China steps up antitrust campaign with new draft rules targeting internet companies
China’s State Administration for Market Regulation published a set of draft regulations on internet companies that was remarkable for its detailed list of prohibited behaviors.
Following through on a promise of more regulation in areas such as antitrust, data security, and consumer rights, China’s State Administration for Market Regulation (SAMR) published today a set of draft regulations (in Chinese) on internet companies.
The regulations spell out a long list of prohibited behaviors that SAMR intends to target, including:
- Using logos or designs for products in ways that could “cause people to mistake them for other people’s goods or have a specific connection with others.”
- False or misleading publicity materials, including false rankings or user traffic data.
- False or even partially misleading information about competitors.

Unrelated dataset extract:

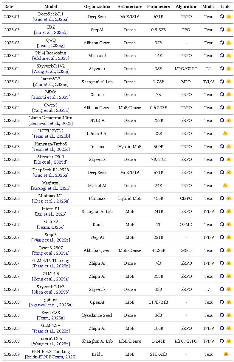 - 以OpenAI o1和DeepSeek-R1为代表的模型,通过可验证奖励强化学习(RLVR)实现了规划、反思和自我纠正等高级推理能力,开辟了超越预训练的新扩展方向。

- Any kind of “traffic hijacking activities such as inserting links or forcing target jump.” The Wall Street Journal notes that previously, “a Tencent platform such as its social-messaging app WeChat generally wouldn’t allow links to rival Alibaba’s platforms — for example Alipay for payments or Taobao for shopping — and vice versa,” and the companies were already considering changing these “walled garden” practices.
- Exclusivity contracts and practices for which Alibaba was already given a multibillion-dollar fine and Meituan is currently under investigation.
- Using “data, algorithms, and other technical means” to influence the choices of consumers.
The new rules are subject to change after a month of public consultation. But the draft is already “extremely significant,” technology analyst Kendra Schaefer told the Financial Times, because of its unusual level of specificity in listing behaviors that regulators planned to target. Angela Zhang, an expert in Chinese antitrust law, told the WSJ that the rules would “streamline the procedure to target such issues by requiring a lower burden of proof compared with the current framework.”
Where is the policy bottom?
In response to the latest tech sector regulatory move, Hong Kong–listed shares of ecommerce and internet giants “JD.com, Alibaba, and Tencent closed down 5.2%, 4.8% and 4.1% respectively,” per the FT. Meanwhile, internet video leaders Kuaishou and Bilibili, along with search giant Baidu, hit record lows, the WSJ says.
At the same time, a development at ByteDance, the world’s largest private technology company, is raising “questions over how much influence Beijing is planning to wield” in China’s tech sector, per Reuters: An entity controlled by China’s central government quietly took a 1% stake and one of three board seats in the company’s key Chinese entity in April, as reported by The Information.
- The government has a similar 1% stake in Weibo, per Reuters.
- In 2017, the government appeared to push all major Chinese tech companies to grant a similar stake.
- The 1% stake may be symbolic, but it is of a piece with the government’s approach to Big Tech right now: Only companies that cooperate with the state will be allowed to thrive.
- The news also “gives new context to Zhang Yiming’s decision [announced in May] to step down from his position as ByteDance’s CEO,” Michael Norris at consultancy AgencyChina told Bloomberg.
“We’re waiting for a policy bottom,” Wendy Chen, the sector head of Asia at Kingdon Capital Management, told The China Project. But even if a bottom is reached, the internet industry is “maybe not a core growth driver for China” for the future, Chen said, pointing to the limited number of additional users in the country given 70% internet penetration to date.
The “biggest names will maintain dominant positions in the Chinese economy,” said Ted Wang, the CIO of Puissance Capital. However, even Tencent and Alibaba may not have hit bottom yet, he warned, as they “have both benefited from low taxes on enterprise software” and this could be an upcoming area of regulation.